* Task directions *
For the records below, copy exactly the span that begins at the line containing "Mixed vintage lot" and stops after the line containing "- Precision Cutting", minus any pictures.

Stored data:

· · · · · · ·

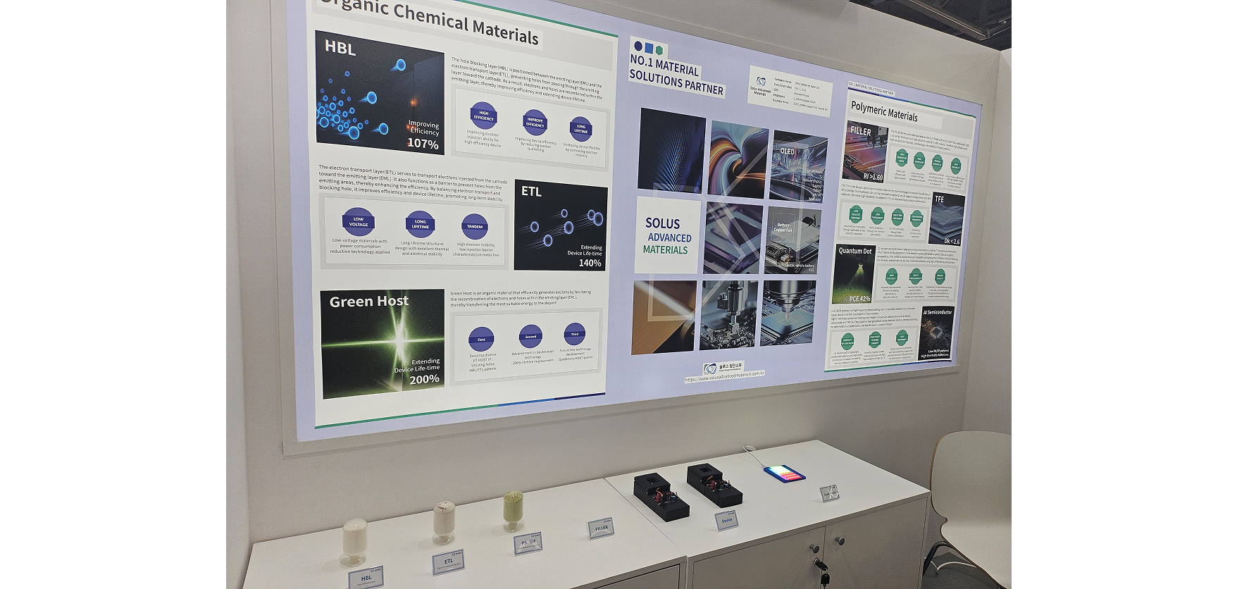 展会上,索路思高新材料面向全球行业人士,展示了OLED显示器用有机化学材料及其他高分子材料等核心产品,
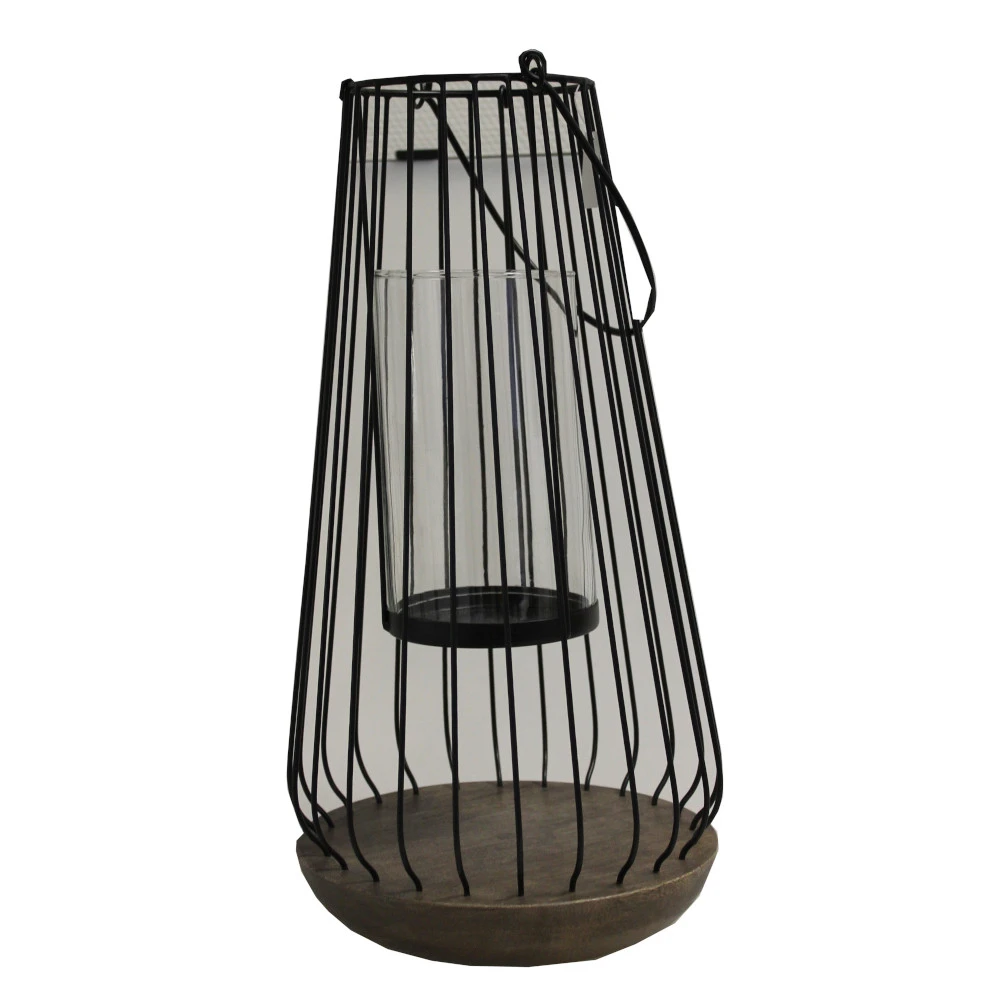 Diese Laterne mit Glaseinsatz und Teelichthalter ist ideal zum Dekorieren im Garten, Wohnung oder Terrasse. Sie wurde aus Eisen gefertigt und besitzt einen Sockel aus Mangoholz. Somit erschaffst du bei Veranstaltungen eine gemütliche Atmosphäre. Dank des stabilen Henkels ist es möglich, die Laterne aufzuhängen oder zu stellen.
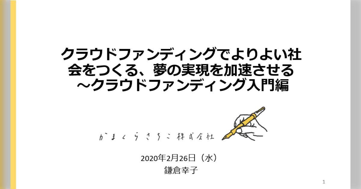 2020年2月26日(水)に渋谷COHSAを会場に開催された「クラウドファンディングでよりよい社会をつくる、夢の実現を加速させる~クラウドファンディング入門編」(主催:一般財団法人22世紀に残すもの)で講師を務めました。
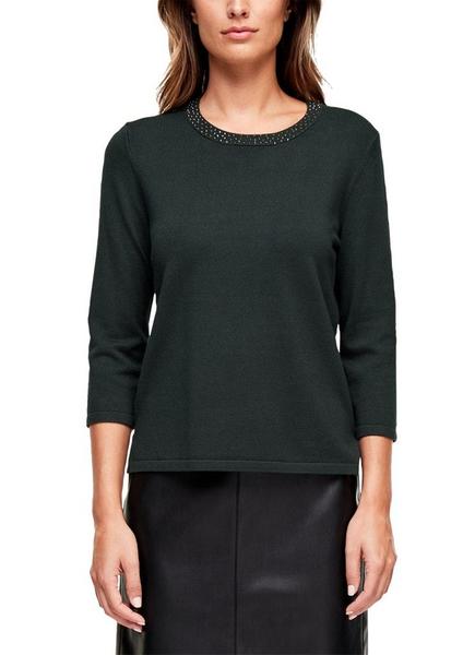 glatter Feinstrick im unifarbenen Design, Rundhalsausschnitt mit Rippblende und Schmucksteinen, Ärmel in 3/4-Länge mit schmalen, gerippten Bündchen, seitlich geschlitzter Saumabschluss mit Rippbund, Regular Fit; Rückenlänge bei Größe 36 ca. 58 cm, softe Strickware aus Viskosemix, Jubiläums-Siegel: Wir feiern unser goldenes Jubiläum! Freuen Sie sich auf ausgewählte Artikel zu runden Preisen. Mehr Informationen und alle Jubiläumsartikel finden Sie unter www.soliver.com/anniversary
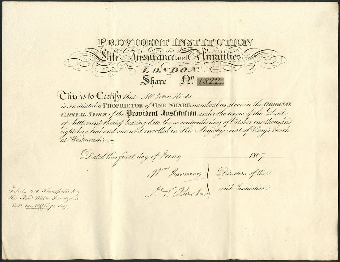 Provident Institution for Life Insurance and Annuities, a group of 4 certificates for one share, 180[7], no.1819-1822, black printing, hand written transfer details at bottom left, very fine. (4)
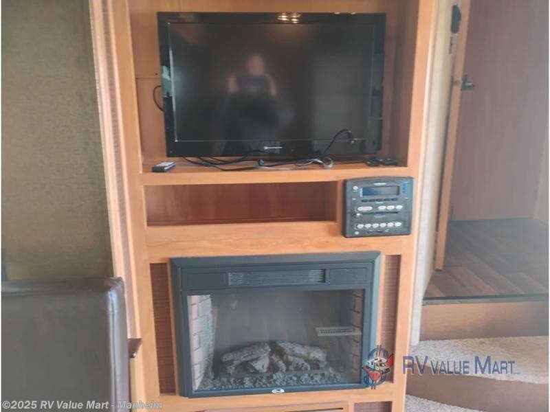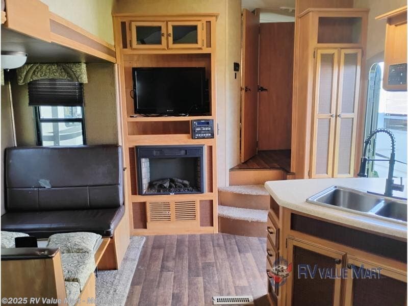 Step inside model 28BH and notice first the spaciousness created when the slide out sofa and booth dinette are fully extended. There is an entertainment center nearby just beyond the steps up front that can easily be viewed from any seating in the room. You can choose to add an optional 32" TV with optional fireplace below.
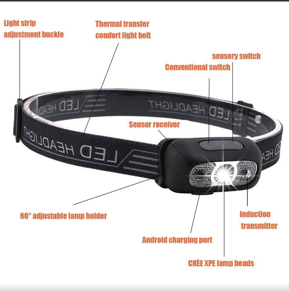 Generic - Lamp Head 30000 Lumen USB Rechargeable Body Motion Sensor Headlight Outdoor Camping -5 Lighting Modes
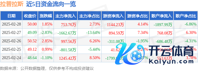 本站音问,适度2025年2月28日收盘,拉普拉斯(688726)报收于50.0元,高涨1.85%欧洲杯体育,换手率16.16%,成交量5.45万手,成交额2.77亿元。
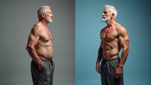 Before and after transformation of senior man showing strength training benefits for longevity and muscle health
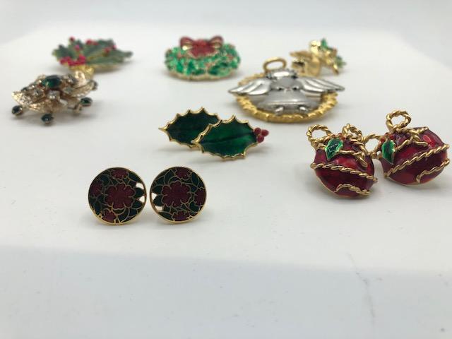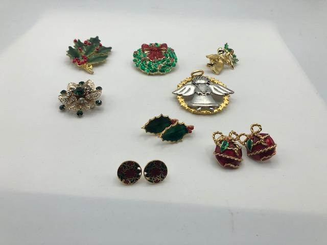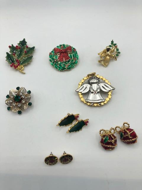 Mixed vintage lot of Christmas holiday pins and earrings. 5 pins & 3 pairs of earrings. Earrings are for pierced ears.
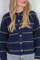 Jade Thin Stripe Button Down Cardigan, Navy
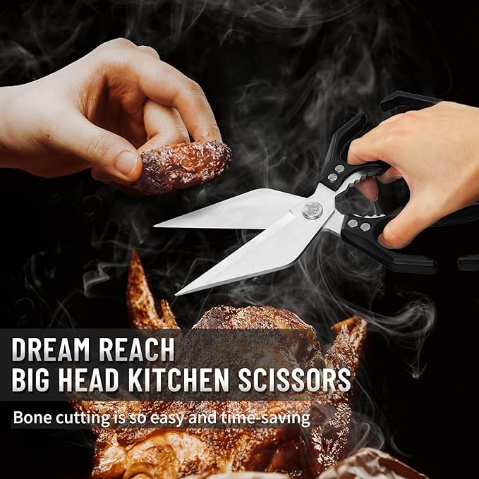 - Precision Cutting Made Easy: Dream Reach Big Head Series chicken scissors are crafted from premium 3Cr13Mov stainless steel, designed to effortlessly handle raw or cooked meat, poultry, seafood, and more. With their razor-sharp, heat-treated blades, cutting through ingredients has never been smoother or more efficient.
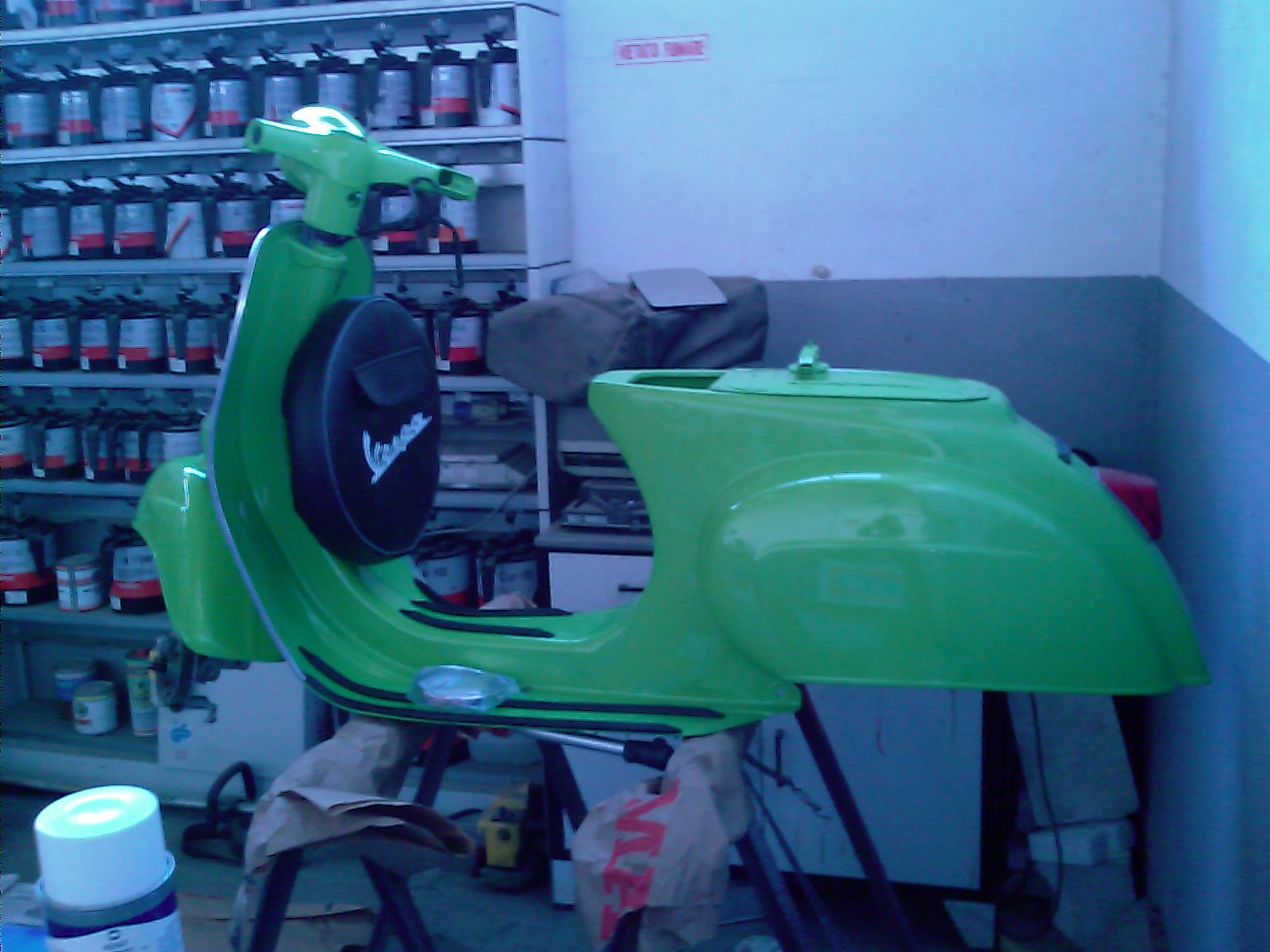 | ehehehe ciao amico sardo, itta paridi? bella la vespa, ma mi sorge un dubbio: il verde mela è un colore originale della R? io ricordo che era un colore previsto solo per la L... comunque sia bella... compliments |
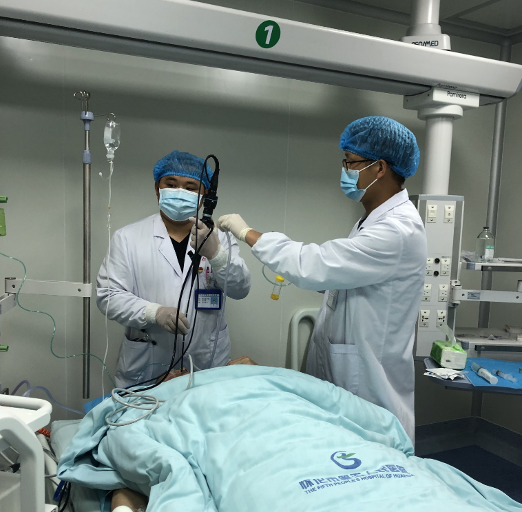 4月21日,市五医院重症医学科在舒适麻醉下成功为一名左肺肺癌并左主支气管完全阻塞患者行纤维支气管镜检查加灌洗术。
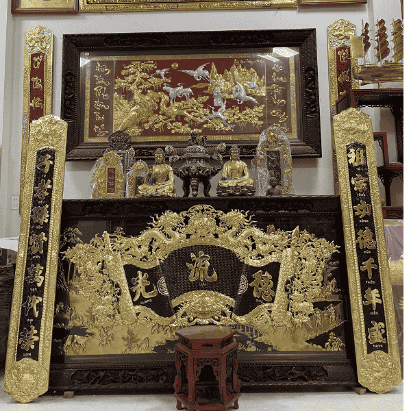 Cuốn thư câu đối bẳng đồng là vật phẩm trang trí cho gian thờ thêm phần sang trọng và linh thiêng. Nhìn vào bộ hoành phi với mẫu mã, hoa văn tỉ mỉ, tinh tế ta thấy được vẻ đẹp hoài cổ như gian thờ thời xưa của ông cha ta. Bộ cuốn thư câu đối bằng đồng thể hiện được gia phong của gia đình, dòng tộc, mang chuẩn mực, lối sống của người Việt ta.
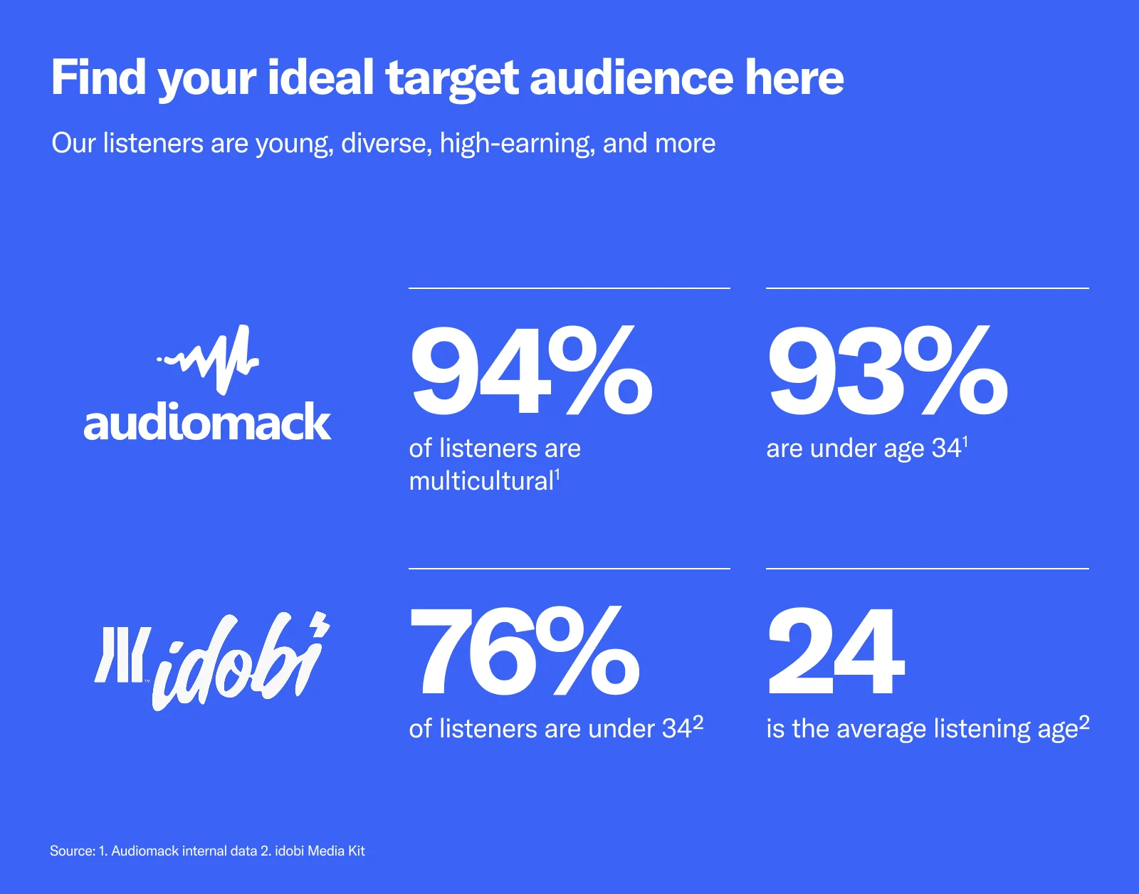 Our exclusive relationships with partners like Audiomack and idobi enable brands to effortlessly extend reach to key audiences all in one partnership. And many of these listeners are young and diverse, giving you more opportunities to reach your ideal audience—whether they’re Black, Hispanic, Gen Z, or affluent.

· · · · · · ·

* Written answer *
 Mixed vintage lot of Christmas holiday pins and earrings. 5 pins & 3 pairs of earrings. Earrings are for pierced ears.
 Jade Thin Stripe Button Down Cardigan, Navy
 - Precision Cutting Made Easy: Dream Reach Big Head Series chicken scissors are crafted from premium 3Cr13Mov stainless steel, designed to effortlessly handle raw or cooked meat, poultry, seafood, and more. With their razor-sharp, heat-treated blades, cutting through ingredients has never been smoother or more efficient.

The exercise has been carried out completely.